SUPPLIED MATERIAL:

------------------------------------

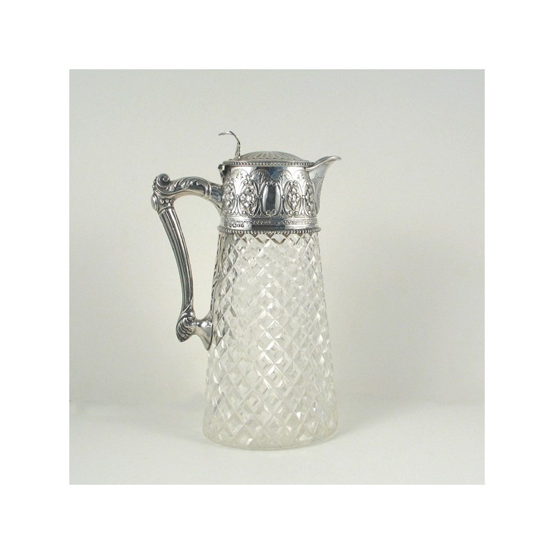 A Victorian mounted cut glass claret jug, with a tapering oval body and embossed mount, by W and G Sissons, Sheffield 1877, 9.7in, (24.5cm)high.
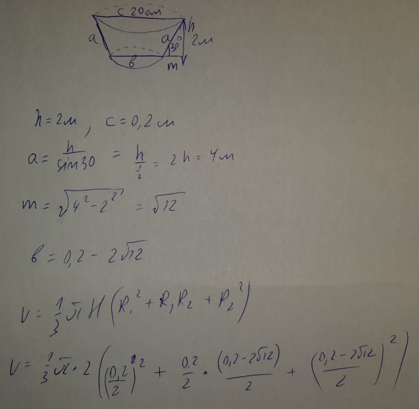 Вырат водоем имеющий форму усеченого конуса у которого диаметр верхнего основания 20м а высота 2 м сколько кубических метров земли вырота если берег водоема образует с горизонтом 30градусов
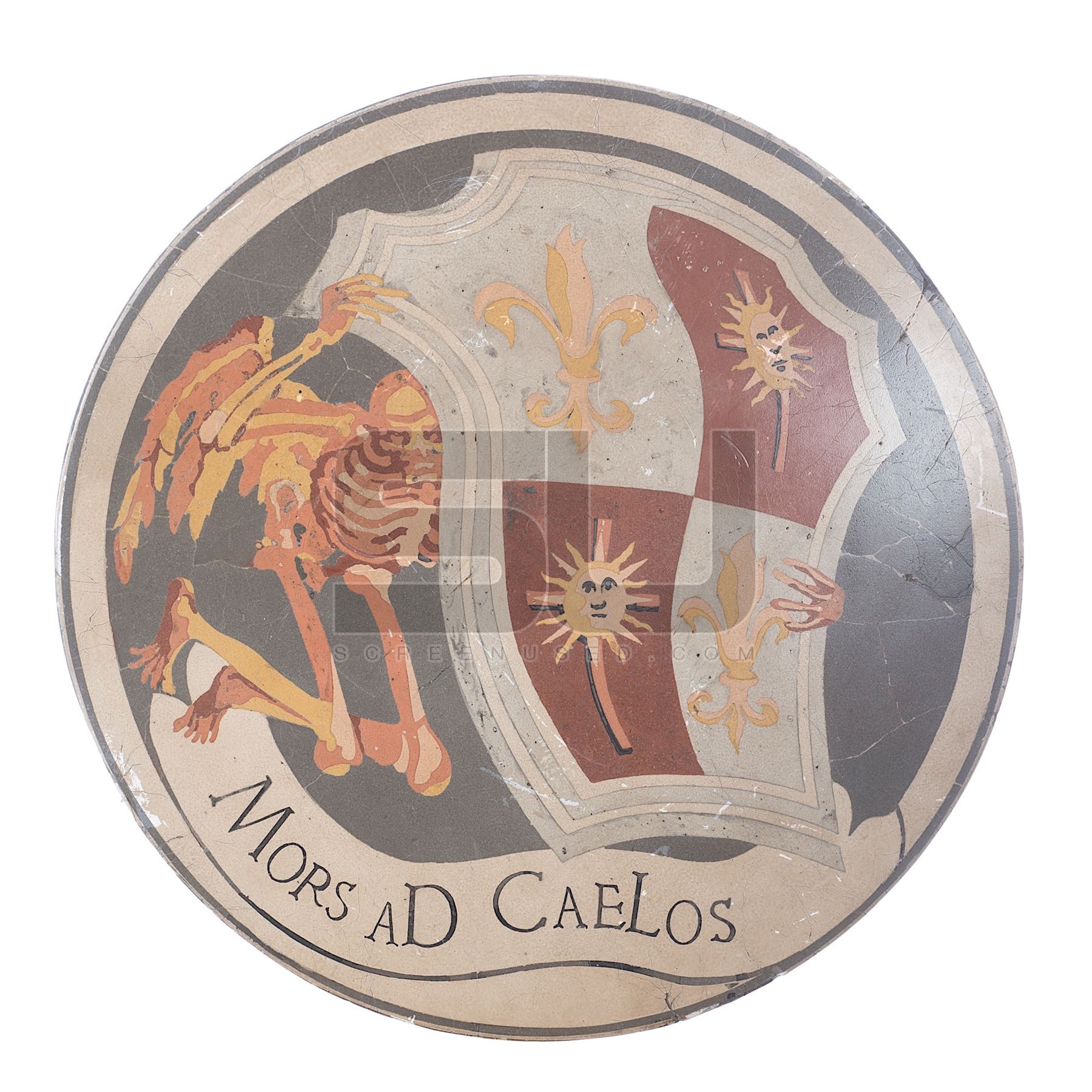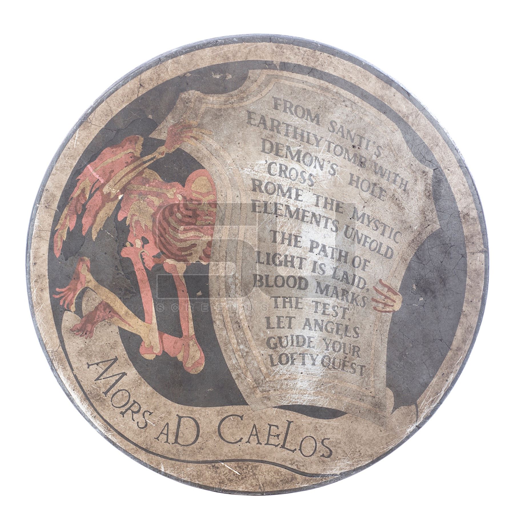 This cover was acquired by the production for use as the "Demon Hole" cover moved aside to gain access to the room below the floor. The piece is made of very heavy solid resin, and is painted on both sides. This is the hero cover as every mark and crack in the surface matches up exactly when seen in the close up during the film. The piece measures approximately 37" in diameter.

------------------------------------

WHAT YOU HAVE TO DO:
The data above is to be printed exactly, all of it, except for the pictures.

EXERCISE RESULT:
 A Victorian mounted cut glass claret jug, with a tapering oval body and embossed mount, by W and G Sissons, Sheffield 1877, 9.7in, (24.5cm)high.
 Вырат водоем имеющий форму усеченого конуса у которого диаметр верхнего основания 20м а высота 2 м сколько кубических метров земли вырота если берег водоема образует с горизонтом 30градусов
 This cover was acquired by the production for use as the "Demon Hole" cover moved aside to gain access to the room below the floor. The piece is made of very heavy solid resin, and is painted on both sides. This is the hero cover as every mark and crack in the surface matches up exactly when seen in the close up during the film. The piece measures approximately 37" in diameter.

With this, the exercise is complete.